__What this task involves__. Beginning with the line of the entries below that holds "Значок домашней признаком." and ending with the line that holds "店はカウンターが15席ほどで、奥にはテーブル席もあるようです。 タップ数はなんと20! |", transcribe each line exactly as written. Pictures stay out.

Data section start

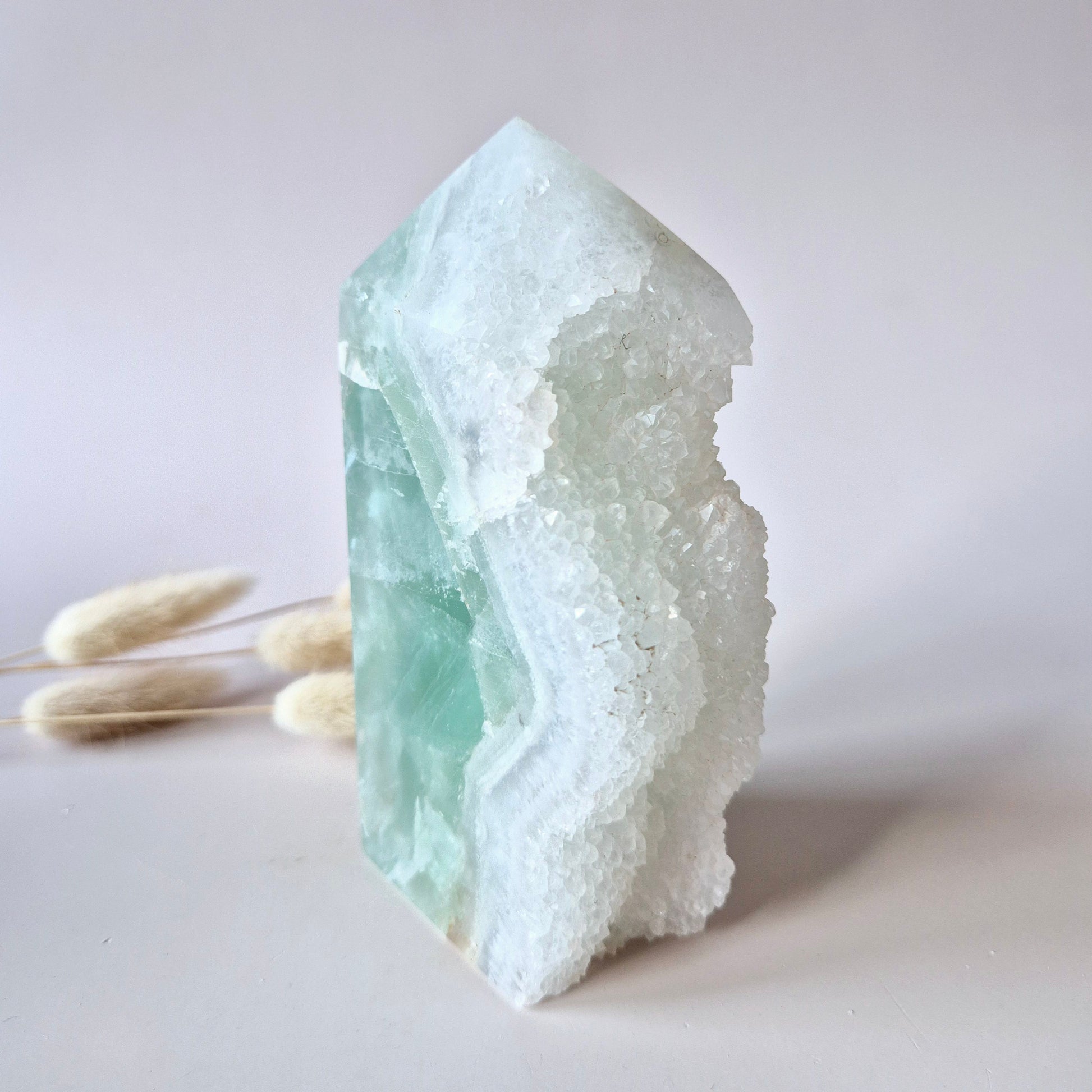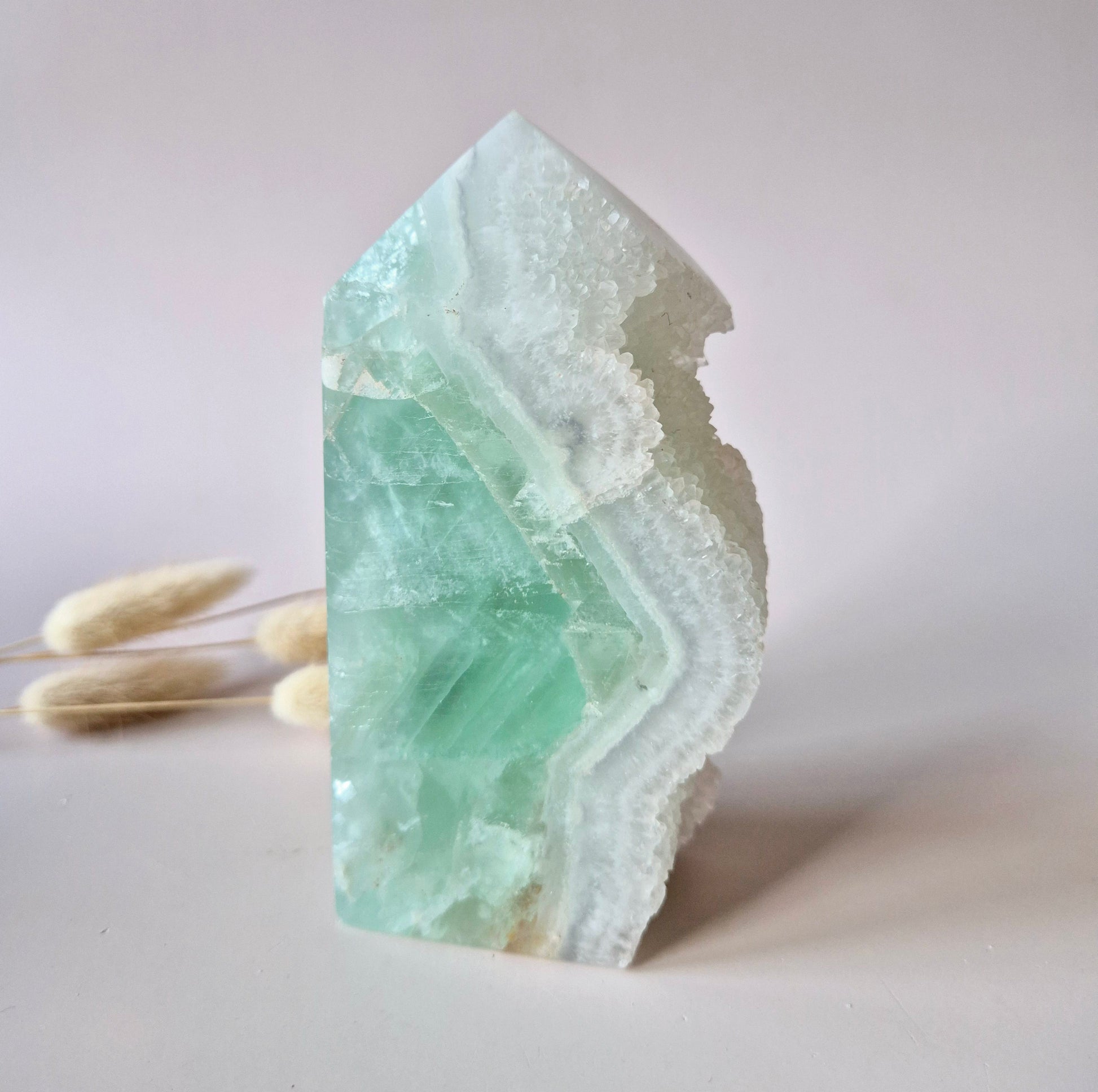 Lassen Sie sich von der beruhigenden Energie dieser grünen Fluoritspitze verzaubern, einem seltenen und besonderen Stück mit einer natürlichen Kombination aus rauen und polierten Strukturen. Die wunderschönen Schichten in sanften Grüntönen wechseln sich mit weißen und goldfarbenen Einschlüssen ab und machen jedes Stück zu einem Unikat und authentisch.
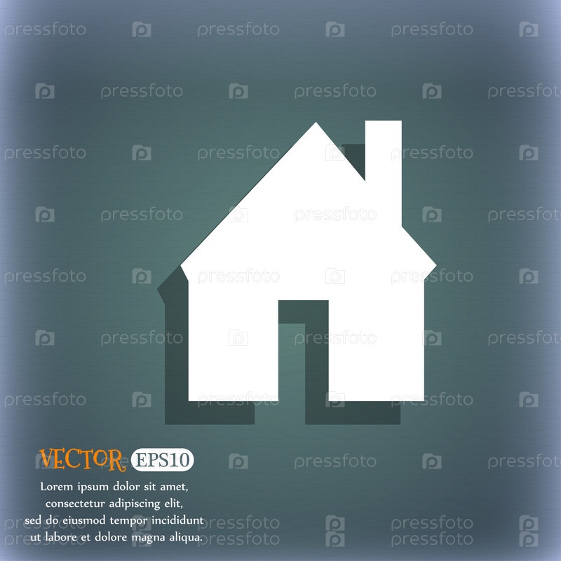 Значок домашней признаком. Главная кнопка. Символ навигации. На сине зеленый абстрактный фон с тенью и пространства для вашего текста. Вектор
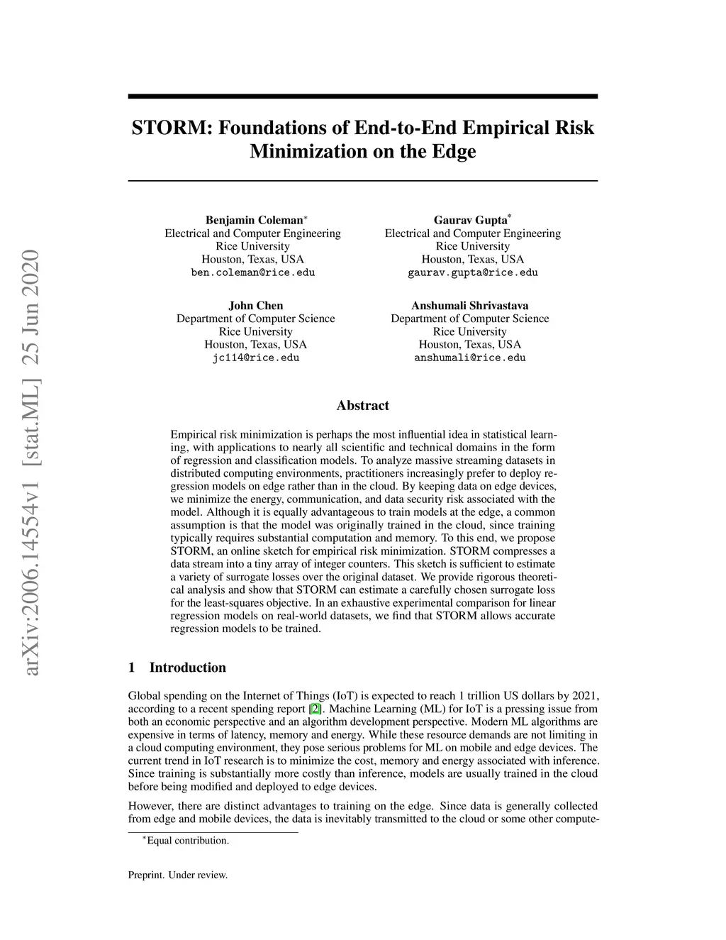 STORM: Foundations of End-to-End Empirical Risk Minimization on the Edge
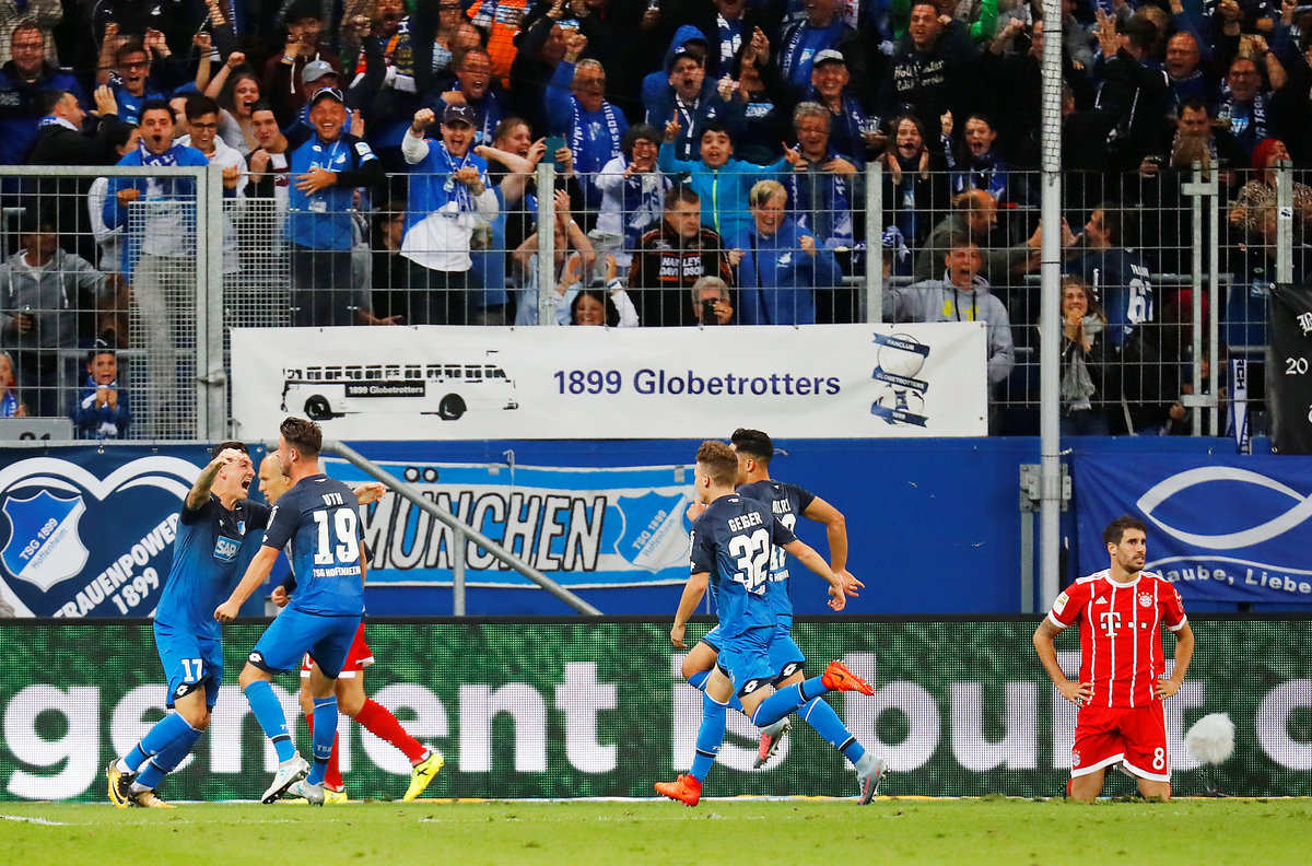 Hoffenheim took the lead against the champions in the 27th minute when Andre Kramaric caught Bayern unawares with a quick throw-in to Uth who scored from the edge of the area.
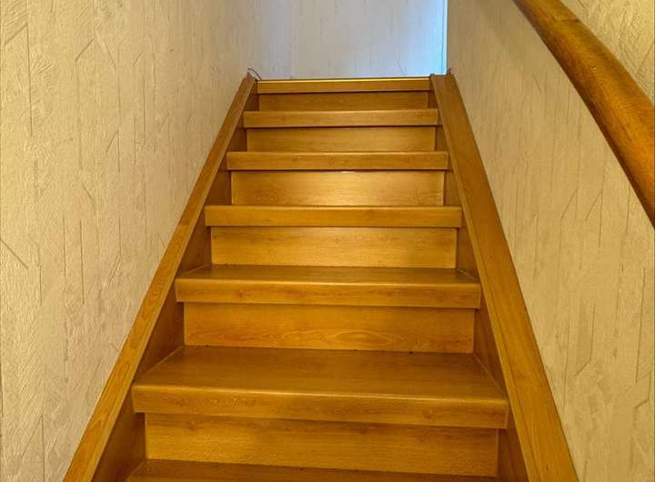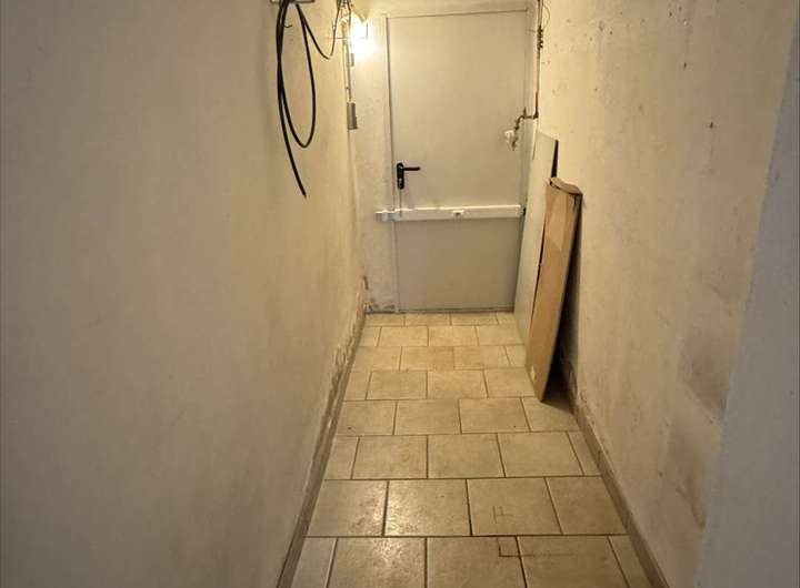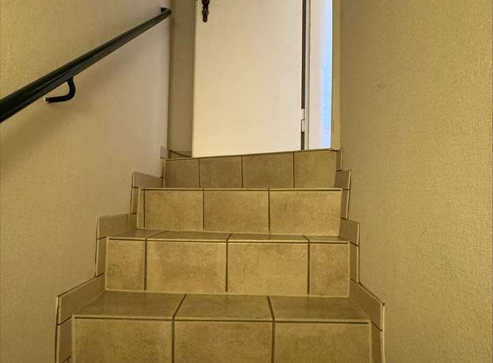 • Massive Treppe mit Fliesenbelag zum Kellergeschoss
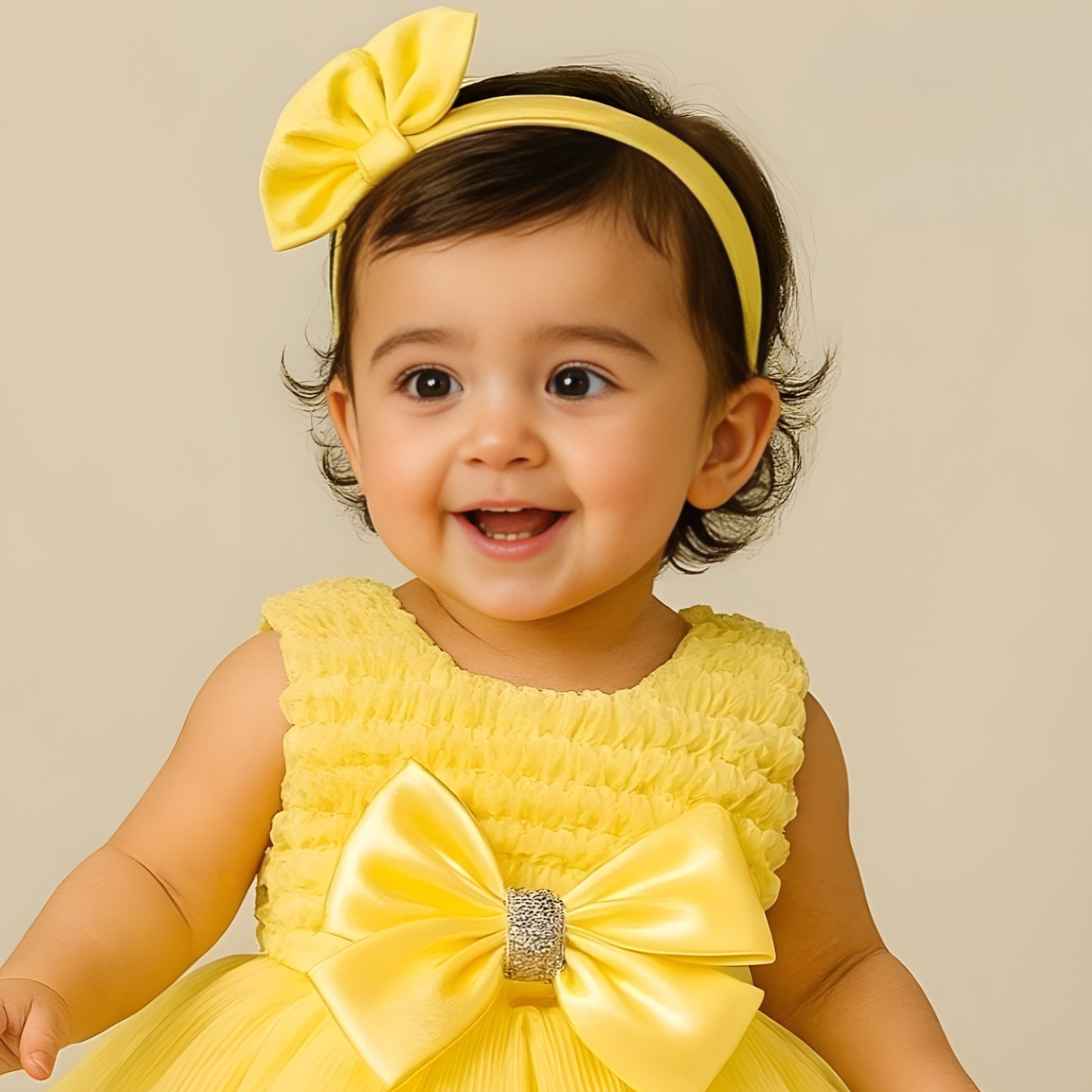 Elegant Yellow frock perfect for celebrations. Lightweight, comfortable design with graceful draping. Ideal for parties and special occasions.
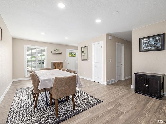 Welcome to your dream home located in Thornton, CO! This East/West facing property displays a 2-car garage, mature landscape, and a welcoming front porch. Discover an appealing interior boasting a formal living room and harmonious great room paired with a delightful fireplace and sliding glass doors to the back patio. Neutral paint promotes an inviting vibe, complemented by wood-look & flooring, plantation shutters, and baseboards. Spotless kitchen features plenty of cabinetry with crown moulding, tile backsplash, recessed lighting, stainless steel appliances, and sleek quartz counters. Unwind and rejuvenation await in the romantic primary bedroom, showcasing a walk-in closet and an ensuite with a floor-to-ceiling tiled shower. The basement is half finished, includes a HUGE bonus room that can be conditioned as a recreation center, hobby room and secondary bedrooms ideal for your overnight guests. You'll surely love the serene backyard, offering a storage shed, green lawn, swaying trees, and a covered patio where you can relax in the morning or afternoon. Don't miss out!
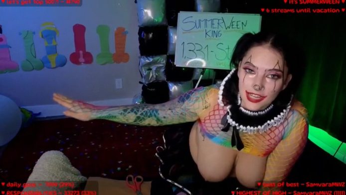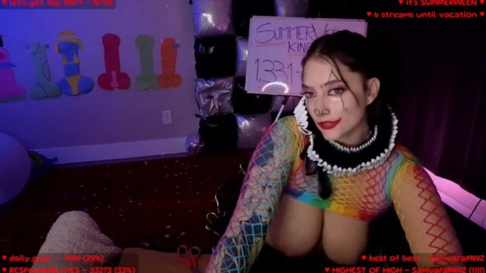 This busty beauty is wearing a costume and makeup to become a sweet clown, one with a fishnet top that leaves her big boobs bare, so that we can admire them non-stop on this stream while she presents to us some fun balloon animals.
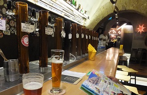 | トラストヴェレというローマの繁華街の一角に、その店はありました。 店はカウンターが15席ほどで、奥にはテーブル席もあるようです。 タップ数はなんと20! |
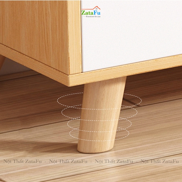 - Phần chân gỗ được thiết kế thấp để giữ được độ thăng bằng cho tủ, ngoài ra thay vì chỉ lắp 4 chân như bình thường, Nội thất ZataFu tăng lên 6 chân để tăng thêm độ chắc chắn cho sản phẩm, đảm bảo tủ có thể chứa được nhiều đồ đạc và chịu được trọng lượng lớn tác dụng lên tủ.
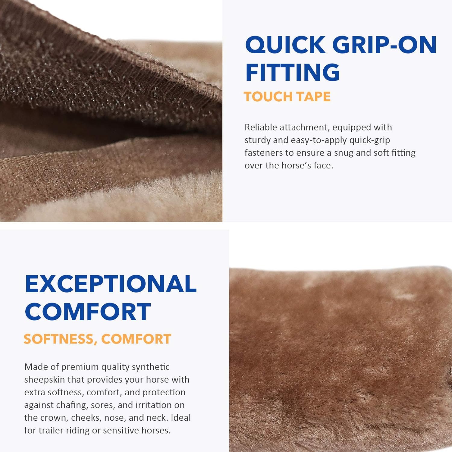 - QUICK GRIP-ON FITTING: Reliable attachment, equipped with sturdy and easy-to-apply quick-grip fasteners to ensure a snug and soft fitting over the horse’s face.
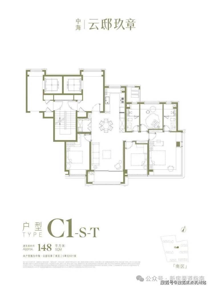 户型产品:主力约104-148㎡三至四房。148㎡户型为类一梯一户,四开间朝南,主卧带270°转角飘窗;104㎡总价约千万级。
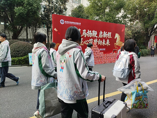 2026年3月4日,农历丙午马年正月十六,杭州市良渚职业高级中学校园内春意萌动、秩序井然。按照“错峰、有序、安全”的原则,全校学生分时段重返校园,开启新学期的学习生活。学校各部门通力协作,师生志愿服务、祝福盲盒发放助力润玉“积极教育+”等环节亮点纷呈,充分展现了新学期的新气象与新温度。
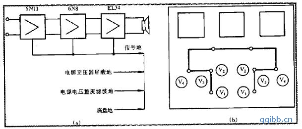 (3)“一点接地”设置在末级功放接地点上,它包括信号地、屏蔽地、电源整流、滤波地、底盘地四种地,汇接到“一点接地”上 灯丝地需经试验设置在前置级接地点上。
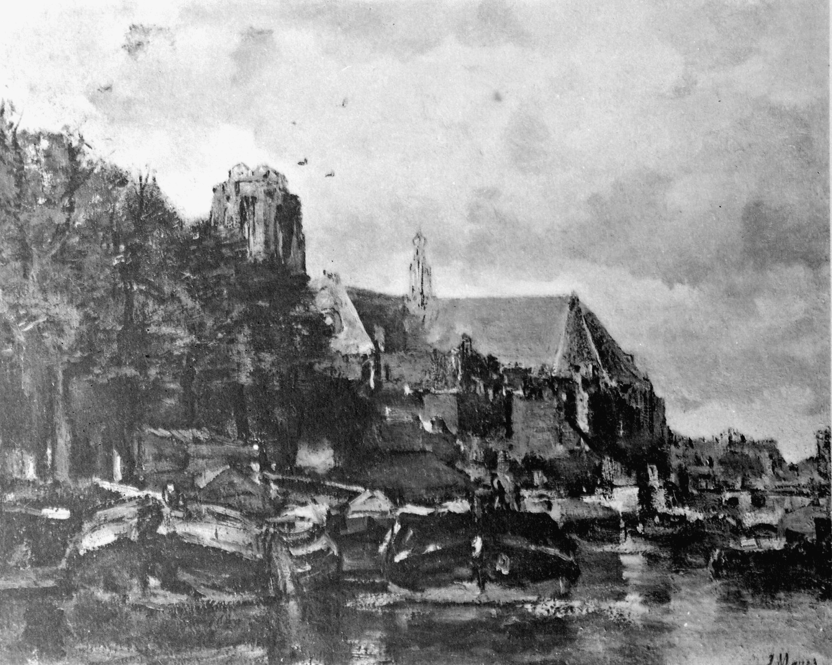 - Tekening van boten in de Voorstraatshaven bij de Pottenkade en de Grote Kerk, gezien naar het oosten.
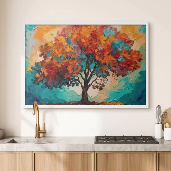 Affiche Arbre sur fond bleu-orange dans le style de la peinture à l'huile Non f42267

Data section end

__Problem solution__.
 Значок домашней признаком. Главная кнопка. Символ навигации. На сине зеленый абстрактный фон с тенью и пространства для вашего текста. Вектор
 STORM: Foundations of End-to-End Empirical Risk Minimization on the Edge
 Hoffenheim took the lead against the champions in the 27th minute when Andre Kramaric caught Bayern unawares with a quick throw-in to Uth who scored from the edge of the area.
 • Massive Treppe mit Fliesenbelag zum Kellergeschoss
 Elegant Yellow frock perfect for celebrations. Lightweight, comfortable design with graceful draping. Ideal for parties and special occasions.
 Welcome to your dream home located in Thornton, CO! This East/West facing property displays a 2-car garage, mature landscape, and a welcoming front porch. Discover an appealing interior boasting a formal living room and harmonious great room paired with a delightful fireplace and sliding glass doors to the back patio. Neutral paint promotes an inviting vibe, complemented by wood-look & flooring, plantation shutters, and baseboards. Spotless kitchen features plenty of cabinetry with crown moulding, tile backsplash, recessed lighting, stainless steel appliances, and sleek quartz counters. Unwind and rejuvenation await in the romantic primary bedroom, showcasing a walk-in closet and an ensuite with a floor-to-ceiling tiled shower. The basement is half finished, includes a HUGE bonus room that can be conditioned as a recreation center, hobby room and secondary bedrooms ideal for your overnight guests. You'll surely love the serene backyard, offering a storage shed, green lawn, swaying trees, and a covered patio where you can relax in the morning or afternoon. Don't miss out!
 This busty beauty is wearing a costume and makeup to become a sweet clown, one with a fishnet top that leaves her big boobs bare, so that we can admire them non-stop on this stream while she presents to us some fun balloon animals.
 | トラストヴェレというローマの繁華街の一角に、その店はありました。 店はカウンターが15席ほどで、奥にはテーブル席もあるようです。 タップ数はなんと20! |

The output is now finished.